> _What is being asked_
Skip the pictures. Quote every line below, exactly, from the one with "F40773373 Jadeite Inlaid" through the final line.
+++ Exercise data
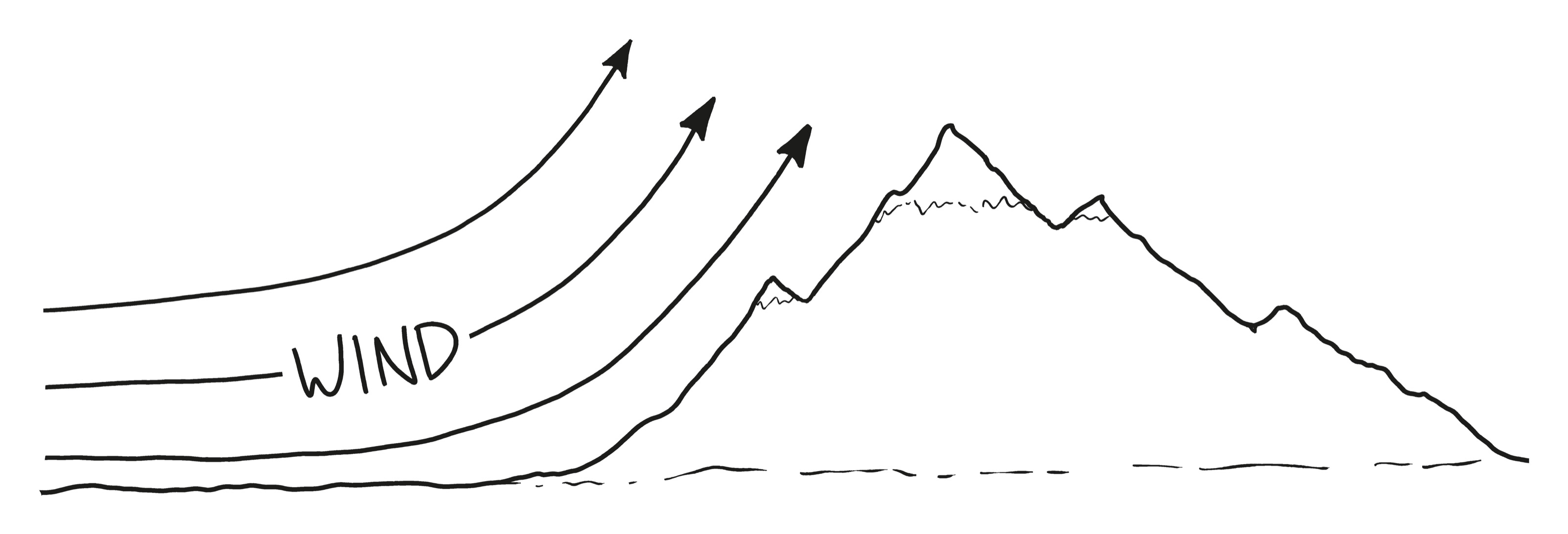Some of the strongest updrafts near the ground happen near mountain ridges. When wind encounters a mountain or ridge, the airflow can be diverted upward. In some areas, these winds can be quite fast.
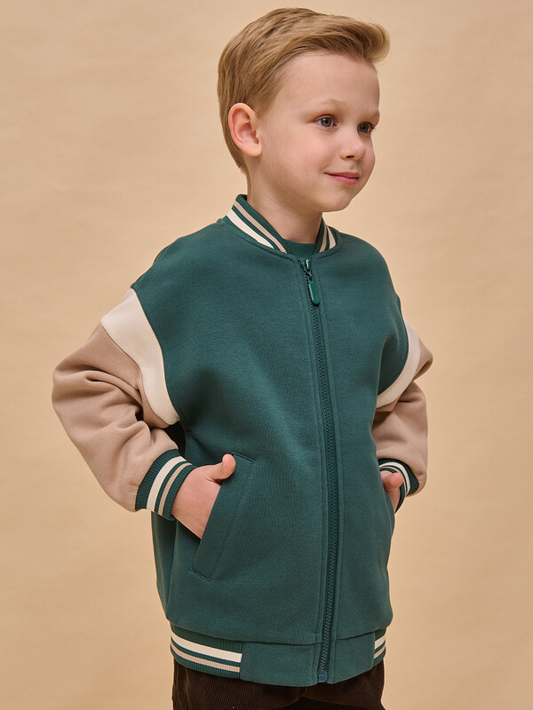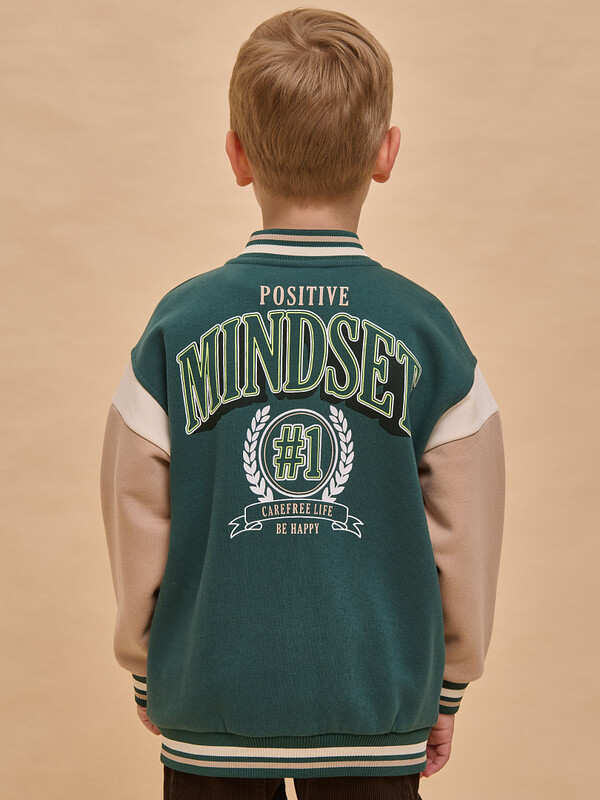 Бомбер детский для мальчиков. Стильная куртка в актуальном университетском стиле из тёплого футера с начёсом заменит ветровку в прохладную погоду. Модель свободного силуэта со спущенным плечом — ребёнку комфортно и свободно. Жакет на мальчика застёгивается на центральную молнию — актуально и практично. Горловина, низ изделия и рукавов отделаны широкой декоративной рибаной (ткань в рубчик), она эластичная и прекрасно тянется, долгое время не теряя формы. Модель выполнена из ткани с высоким содержанием хлопка — она дышащая, мягкая и комфортная. Благодаря полиэстеру бомбер сохраняет превосходный внешний вид надолго. Куртка детская дополнена удобными прорезными карманами по бокам. Бомбер для мальчика украшен принтом в модном университетском стиле по спинке. Ндписи переводятся: «позитивное мышление», «беззаботная жизнь», «будь счастливым». Жакет отлично сочетается с различными брюками и джинсами. Уютная и стильная куртка для мальчика неприхотлива в уходе. Помните о правильном уходе за изделием: рекомендуется стирать при температуре не выше 30 °C, без предварительного замачивания, с изнанки. Это поможет сохранить качество и цвет бомбера на длительное время.
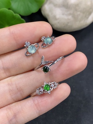 F40773373 Jadeite Inlaid Ring + Earring Sell as a Lot (Non-Gold Inlaid) (Adjustable)
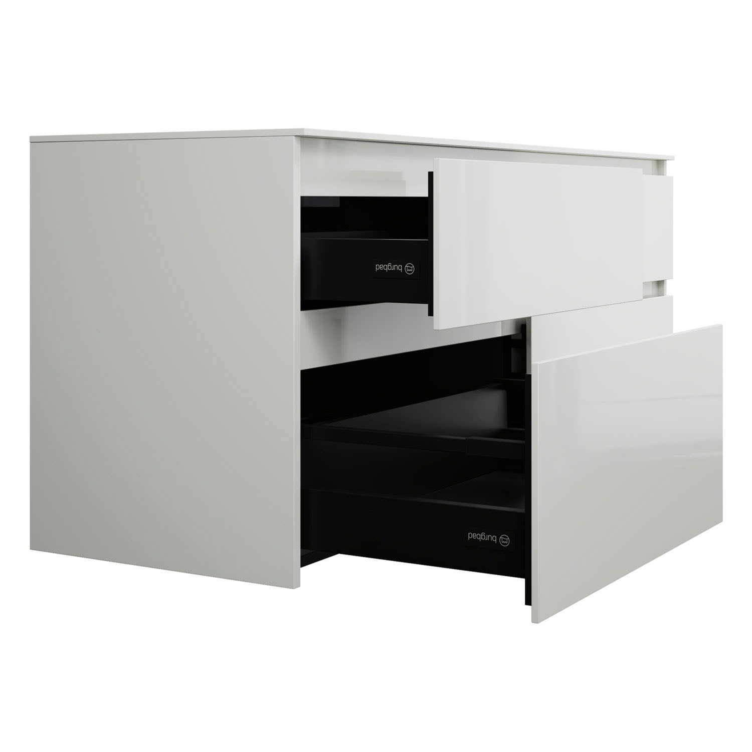 - Vollauszug mit geräuscharmem Selbsteinzugsmechanismus inklusive Anschlagdämpfung (Silent System)
++++++
> _Expected answer_
 F40773373 Jadeite Inlaid Ring + Earring Sell as a Lot (Non-Gold Inlaid) (Adjustable)
 - Vollauszug mit geräuscharmem Selbsteinzugsmechanismus inklusive Anschlagdämpfung (Silent System)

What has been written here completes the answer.